**Try it**: Set down exactly the lines from the first line of the records through the line that contains "为切实加强我院社团队伍建设管", and leave every picture out.

**Provided data**:
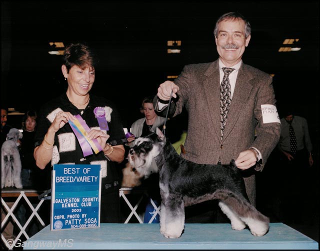 Gracie winning BOB over specials at Houston under Mrs. Goldberg
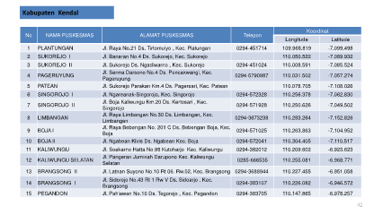 15 PEGANDON Jl. Pahlawan No.10 Ds. Tegorejo , Kec. Pegandon 0294-383705 110.147.865 -6.978.257
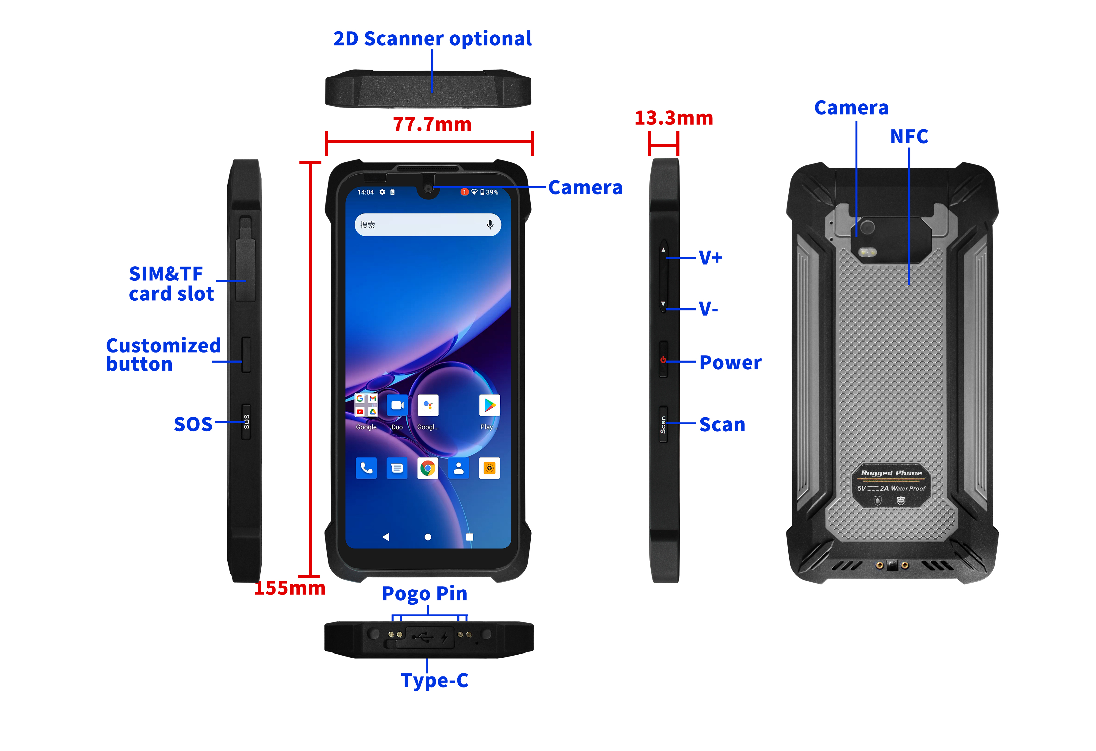 Сканирование / NFC / BeiDou / GPS, поддержка 4G / WiFi / Bluetooth.
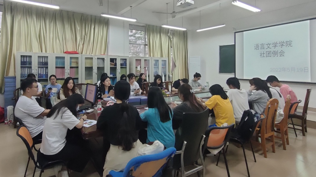为切实加强我院社团队伍建设管理,总结我院学生社团的工作情况,推动学生社团建设发展,5月19日下午,语言文学学院团总支学生会社团部在2108会议室召开学院各社团工作例会。
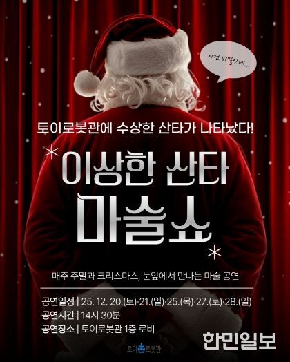 크리스마스 당일에는 ‘이상한 산타 마술쇼’가 펼쳐진다. 겨울 분위기에 어울리는 유쾌한 연출과 관객 참여형 구성으로 아이부터 어른까지 함께 즐길 수 있는 공연으로, 28일 주말까지 이어서 진행된다. 이와 함께 ▲산타와 함께 사진을 남길 수 있는 ‘이상한 산타와 한 컷’ ▲이상한 산타의 ‘선물 보따리’ 이벤트가 운영되며, 선물은 선착순 500명에게 제공되어 크리스마스 방문의 즐거움을 더할 예정이다.

**Task output**:
 Gracie winning BOB over specials at Houston under Mrs. Goldberg
 15 PEGANDON Jl. Pahlawan No.10 Ds. Tegorejo , Kec. Pegandon 0294-383705 110.147.865 -6.978.257
 Сканирование / NFC / BeiDou / GPS, поддержка 4G / WiFi / Bluetooth.
为切实加强我院社团队伍建设管理,总结我院学生社团的工作情况,推动学生社团建设发展,5月19日下午,语言文学学院团总支学生会社团部在2108会议室召开学院各社团工作例会。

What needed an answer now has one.